"Not so," she declared vehemently. "I can not help the boy's attachment to me. She is a child, as thou hast said, and is easily comforted. Not so with maturer hearts like mine."
She put her arms about his neck, and flinging her head back, gazed at him with a heavy eye.
"O, wilt thou put me aside for Masanath? What is her little dark beauty compared to mine? How can she, who is not even a stately subject, be a stately queen? Wilt thou set the crown upon her unregal head, invest her with the royal robes, and yield thy homage to a scowl and a bitter word? And me, in whom there is no drop of unroyal blood, in whom there is all the passion of the southlands and all the fidelity of the north, thou wilt humiliate. The gods made me for thee—schooled me for thy needs and shifted the nation's history so that thou shouldst have need of me. Look upon me, Rameses. Why wilt thou thrust me aside?"
She was not dealing with Seti, or Siptah, or any other whom she had bewitched. There was no spell in the topaz eyes for Rameses. If her sorcery affected him at all, it won no more than a cursory interest in her next move.
"The night is too short to recount my reasons," he replied calmly, as he put her arms away. "But I might point out the snarling cur, Siptah, for one, and a few other comely lords of Egypt."
"What hast thou done in thy life?" she cried. "I am no more wicked than thou; thou hast found delight in others beside whom I am all innocence."
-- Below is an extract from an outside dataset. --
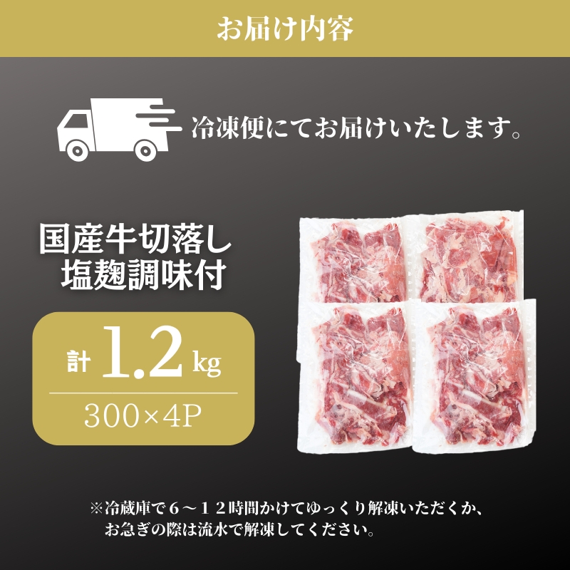 国産牛切落し 塩麹調味付1.2kg 300×4パック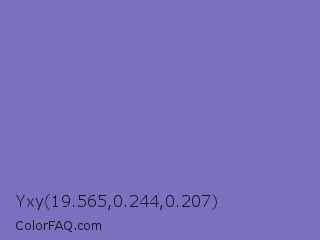 Yxy 19.565,0.244,0.207 Color is a normal indigo color and the nearest color is Toolbox #746cc0. Hex code #7871bf and RGB value is rgb(120,113,191). In RGB color space, this color is composed of 47% red, 44% green, 75% blue, In CMYK color space, this color is composed of 37% cyan, 41% magenta, 0% yellow , 25% black , In HSL color space, this color has a hue angle of 245° , 38% saturation and 60% lightness.

"It may be. Who knows but there is somewhat of the vulture-nostril in man, tickled with a vague taint? But, even then, the sense is fleeting, more or less as the natures of men vary. A man hath his better moments, and how shall they be entirely pure in the presence of shame? Nay, I would not mate and live for ever with mine own sins."
"Then as thou dost permit her spotlessness to cover her hate, let my love for thee hide my sins. From the first I have loved thee unasked. She is all unwon."
"Thou hast said it. She is unwon. But doth the lion prey upon the carcass? Nay. His kill must be fresh and slain by his own might. Thou didst stultify thyself by thine instant acquiescence. Come, let us make an end to this. The more said the more thou shalt have of which to accuse thyself hereafter."
But she dropped before him, her white robes cumbering his path, her arms clasping his knees.